→ **DATA PROVIDED**:

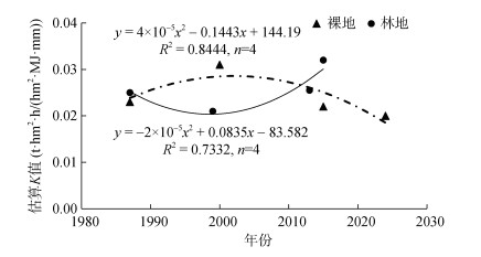 4) 土壤可蚀性K值分析显示,裸地由于前期侵蚀严重、后期有机质逐步积累,使得K值先升后降;林地尽管初期K值下降,但后期因土壤黏粒含量降低,质地粗骨化,导致K值回升,因此在长期植被恢复下仍存在潜在侵蚀风险。
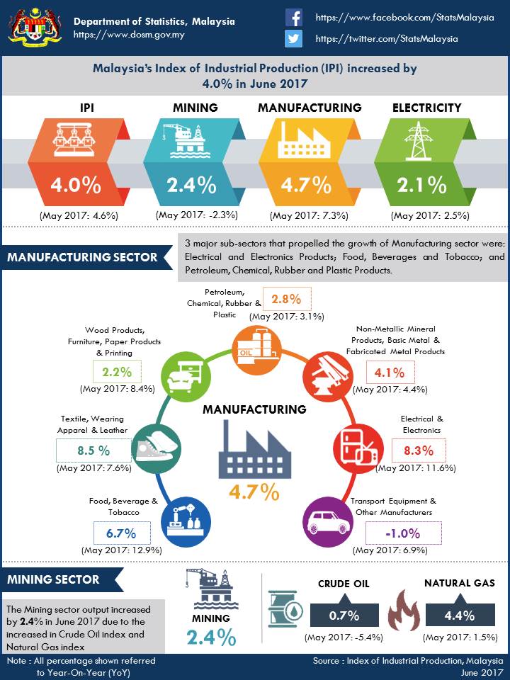 Malaysia’s Index of Industrial Production (IPI) increased moderately by 4.0% in June 2017
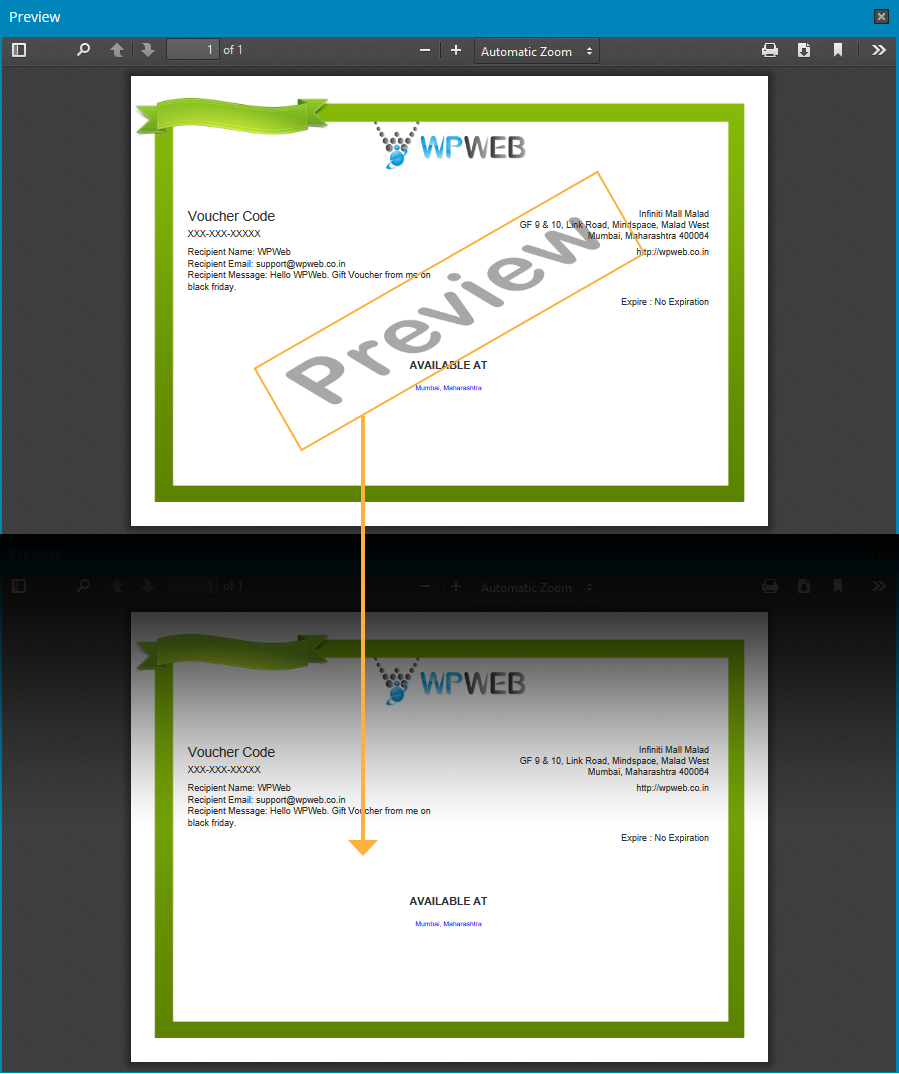You can add this code snippet to a custom plugin or your theme's functions.php to remove the preview image, while previewing the voucher on single product page.
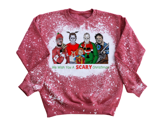 We Wish You A Scary Christmas Horror Movie Festive Freddy Bleached Fleece Sweatshirt| Christmas Sweater |

→ **WHAT YOU NEED TO DO**: The lines from the beginning of the listing above through the line holding "You can add" are to be duplicated exactly, and the pictures omitted.

→ **ANSWER TO THE EXERCISE**:
 4) 土壤可蚀性K值分析显示,裸地由于前期侵蚀严重、后期有机质逐步积累,使得K值先升后降;林地尽管初期K值下降,但后期因土壤黏粒含量降低,质地粗骨化,导致K值回升,因此在长期植被恢复下仍存在潜在侵蚀风险。
 Malaysia’s Index of Industrial Production (IPI) increased moderately by 4.0% in June 2017
You can add this code snippet to a custom plugin or your theme's functions.php to remove the preview image, while previewing the voucher on single product page.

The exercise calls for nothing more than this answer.